> [WHAT TO DO]: Beginning with the line that holds "تفسير غريب حديث" and finishing with the line that holds "Omega Seamaster 300m", repeat the listing exactly, leaving every picture out.

> [EXERCISE INPUTS]:
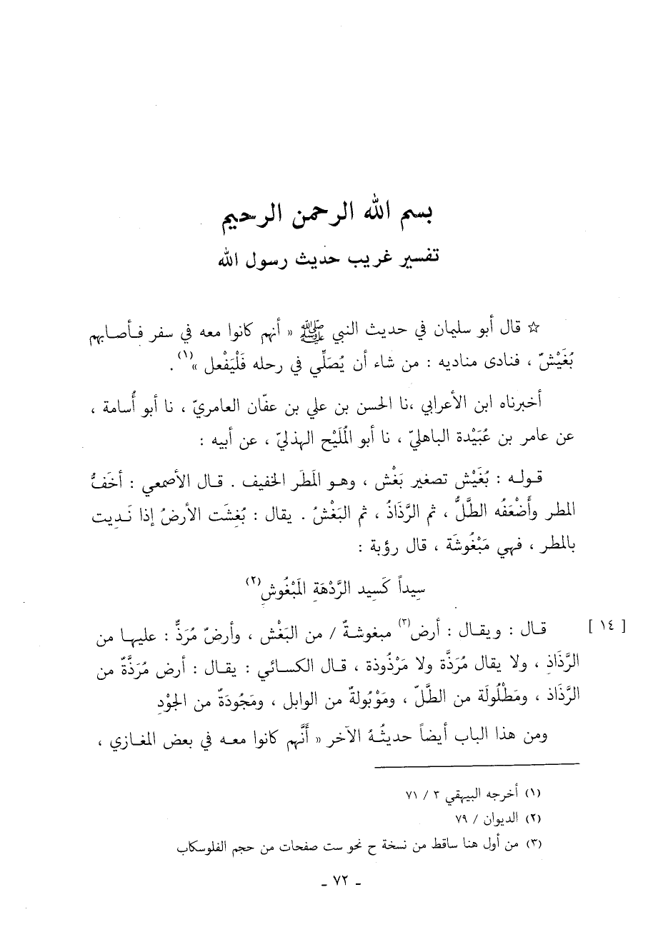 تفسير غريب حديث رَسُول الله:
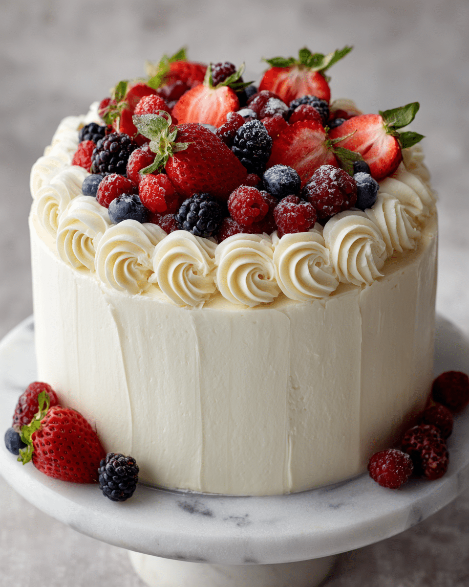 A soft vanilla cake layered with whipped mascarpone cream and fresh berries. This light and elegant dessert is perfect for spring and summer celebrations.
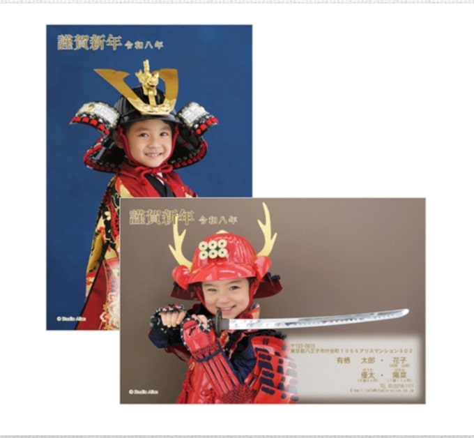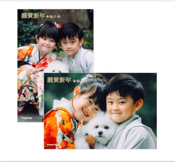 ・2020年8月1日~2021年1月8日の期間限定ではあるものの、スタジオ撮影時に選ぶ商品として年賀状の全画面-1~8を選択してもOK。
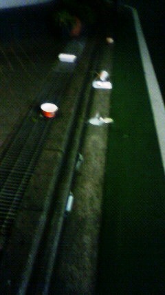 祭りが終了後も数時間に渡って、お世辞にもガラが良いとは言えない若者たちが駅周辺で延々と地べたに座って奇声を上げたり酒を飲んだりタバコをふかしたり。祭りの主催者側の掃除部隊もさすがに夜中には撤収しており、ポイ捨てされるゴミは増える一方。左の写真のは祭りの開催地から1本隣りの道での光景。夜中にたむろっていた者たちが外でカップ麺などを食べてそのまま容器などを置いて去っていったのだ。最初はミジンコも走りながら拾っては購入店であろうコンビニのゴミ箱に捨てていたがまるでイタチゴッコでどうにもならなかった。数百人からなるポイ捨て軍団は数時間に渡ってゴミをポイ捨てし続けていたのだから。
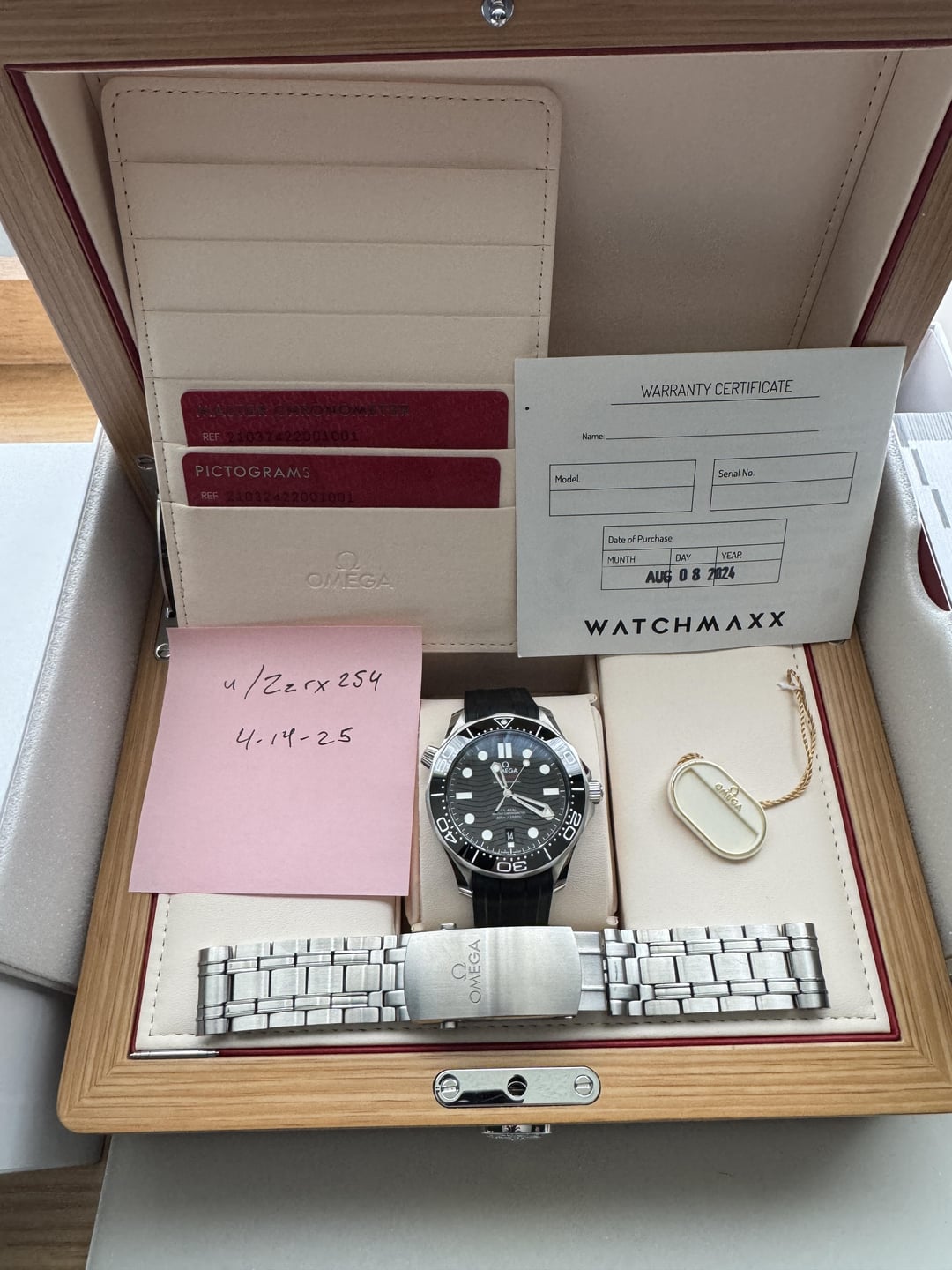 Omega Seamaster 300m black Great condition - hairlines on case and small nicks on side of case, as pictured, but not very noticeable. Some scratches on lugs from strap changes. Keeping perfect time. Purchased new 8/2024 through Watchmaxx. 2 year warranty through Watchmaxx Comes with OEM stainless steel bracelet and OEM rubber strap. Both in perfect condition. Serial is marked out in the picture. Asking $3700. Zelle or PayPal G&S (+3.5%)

---

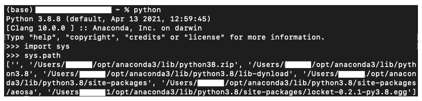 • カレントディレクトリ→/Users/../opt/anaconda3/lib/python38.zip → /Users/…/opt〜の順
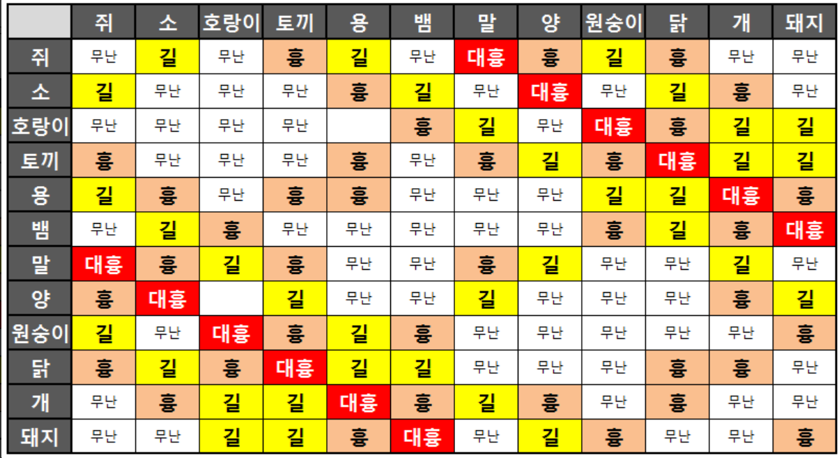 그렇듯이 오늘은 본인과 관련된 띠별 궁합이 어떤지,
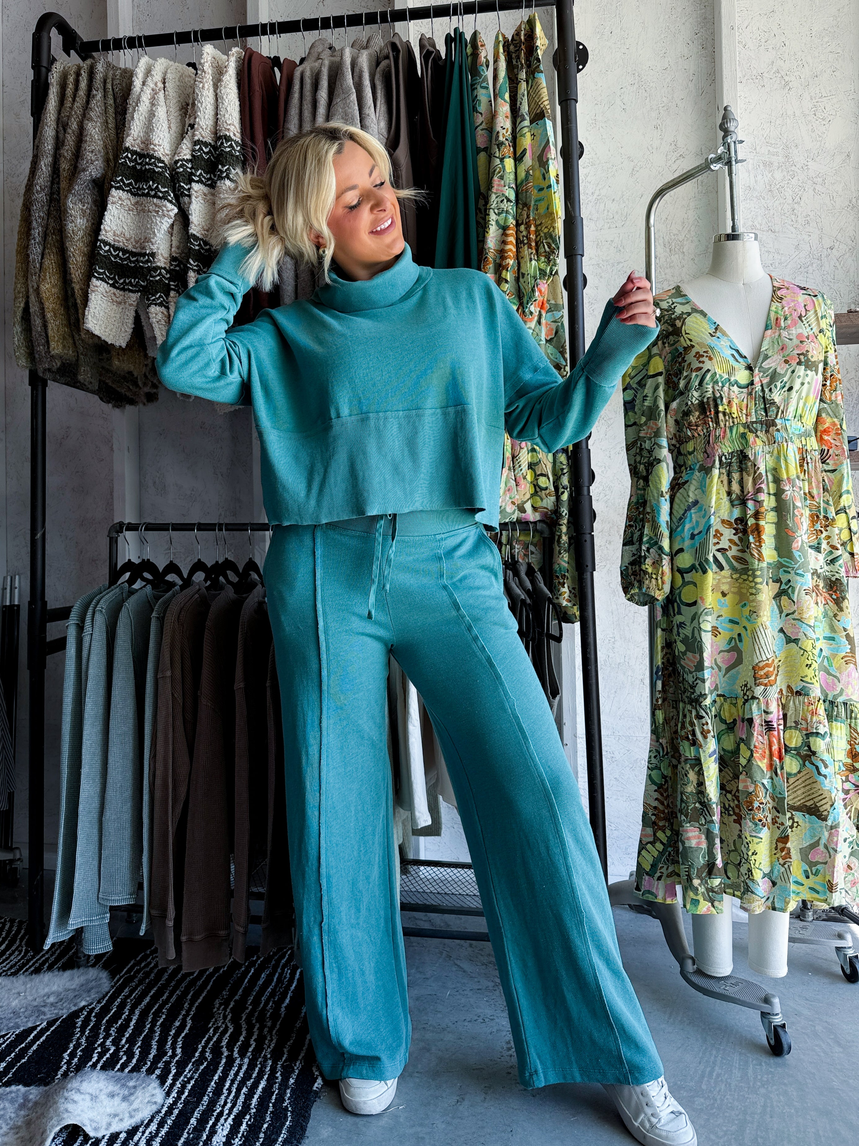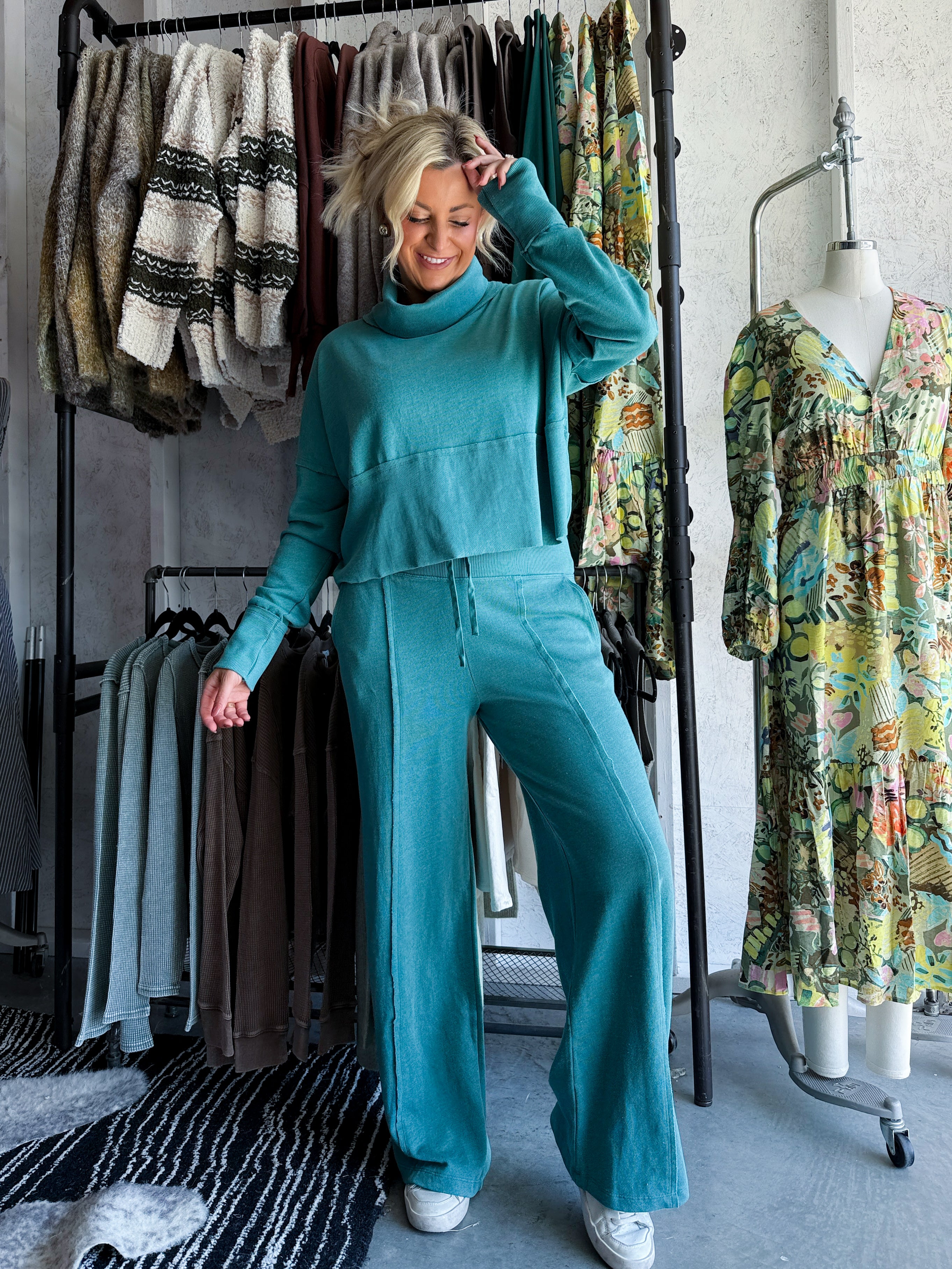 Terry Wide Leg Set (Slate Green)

> [WRITTEN REPLY]:
 تفسير غريب حديث رَسُول الله:
 A soft vanilla cake layered with whipped mascarpone cream and fresh berries. This light and elegant dessert is perfect for spring and summer celebrations.
 ・2020年8月1日~2021年1月8日の期間限定ではあるものの、スタジオ撮影時に選ぶ商品として年賀状の全画面-1~8を選択してもOK。
 祭りが終了後も数時間に渡って、お世辞にもガラが良いとは言えない若者たちが駅周辺で延々と地べたに座って奇声を上げたり酒を飲んだりタバコをふかしたり。祭りの主催者側の掃除部隊もさすがに夜中には撤収しており、ポイ捨てされるゴミは増える一方。左の写真のは祭りの開催地から1本隣りの道での光景。夜中にたむろっていた者たちが外でカップ麺などを食べてそのまま容器などを置いて去っていったのだ。最初はミジンコも走りながら拾っては購入店であろうコンビニのゴミ箱に捨てていたがまるでイタチゴッコでどうにもならなかった。数百人からなるポイ捨て軍団は数時間に渡ってゴミをポイ捨てし続けていたのだから。
 Omega Seamaster 300m black Great condition - hairlines on case and small nicks on side of case, as pictured, but not very noticeable. Some scratches on lugs from strap changes. Keeping perfect time. Purchased new 8/2024 through Watchmaxx. 2 year warranty through Watchmaxx Comes with OEM stainless steel bracelet and OEM rubber strap. Both in perfect condition. Serial is marked out in the picture. Asking $3700. Zelle or PayPal G&S (+3.5%)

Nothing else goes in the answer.